## SUPPLIED MATERIAL
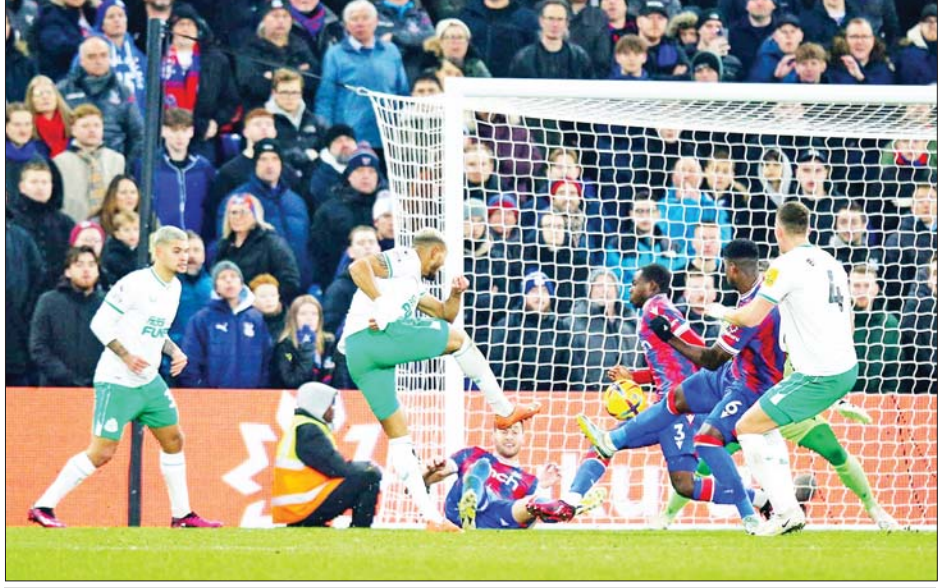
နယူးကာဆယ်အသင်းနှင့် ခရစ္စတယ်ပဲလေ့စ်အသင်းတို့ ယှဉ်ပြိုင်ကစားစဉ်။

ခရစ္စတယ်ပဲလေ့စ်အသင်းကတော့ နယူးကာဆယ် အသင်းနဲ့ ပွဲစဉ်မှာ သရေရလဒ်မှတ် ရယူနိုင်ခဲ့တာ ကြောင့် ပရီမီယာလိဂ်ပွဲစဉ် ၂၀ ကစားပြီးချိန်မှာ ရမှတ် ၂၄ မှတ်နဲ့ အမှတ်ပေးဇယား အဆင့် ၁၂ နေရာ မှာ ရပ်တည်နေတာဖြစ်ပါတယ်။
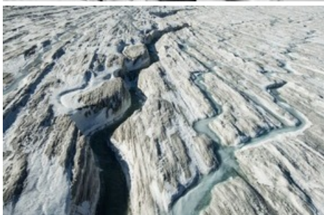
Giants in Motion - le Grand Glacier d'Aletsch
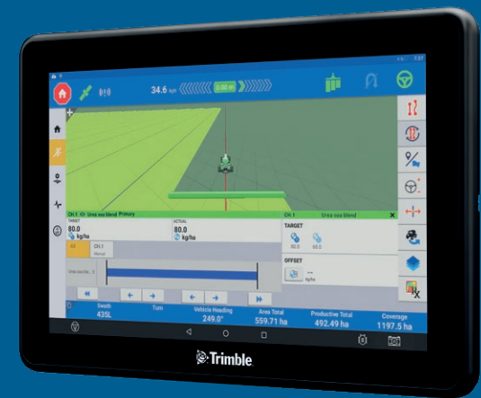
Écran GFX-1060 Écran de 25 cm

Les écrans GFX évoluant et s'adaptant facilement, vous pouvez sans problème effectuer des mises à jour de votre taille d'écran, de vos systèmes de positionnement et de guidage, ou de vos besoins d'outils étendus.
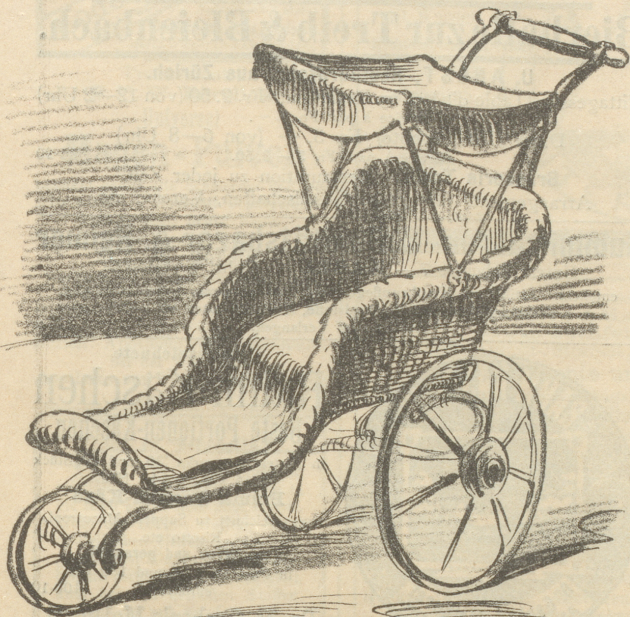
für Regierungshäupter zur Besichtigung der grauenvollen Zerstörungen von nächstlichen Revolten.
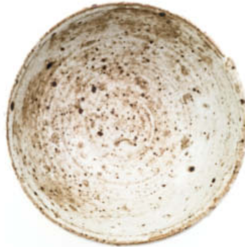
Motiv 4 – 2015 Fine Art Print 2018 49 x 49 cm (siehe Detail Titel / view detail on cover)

## EXERCISE REQUIREMENTS
What you return from the records above should be exactly everything from the line with "ခရစ္စတယ်ပဲလေ့စ်အသင်းကတော့ နယူးကာဆယ် အသင်းနဲ့" down to the line with "Écran GFX-1060 Écran de 25 cm", both kept, and no pictures.

## ANSWER SECTION
ခရစ္စတယ်ပဲလေ့စ်အသင်းကတော့ နယူးကာဆယ် အသင်းနဲ့ ပွဲစဉ်မှာ သရေရလဒ်မှတ် ရယူနိုင်ခဲ့တာ ကြောင့် ပရီမီယာလိဂ်ပွဲစဉ် ၂၀ ကစားပြီးချိန်မှာ ရမှတ် ၂၄ မှတ်နဲ့ အမှတ်ပေးဇယား အဆင့် ၁၂ နေရာ မှာ ရပ်တည်နေတာဖြစ်ပါတယ်။
Giants in Motion - le Grand Glacier d'Aletsch
Écran GFX-1060 Écran de 25 cm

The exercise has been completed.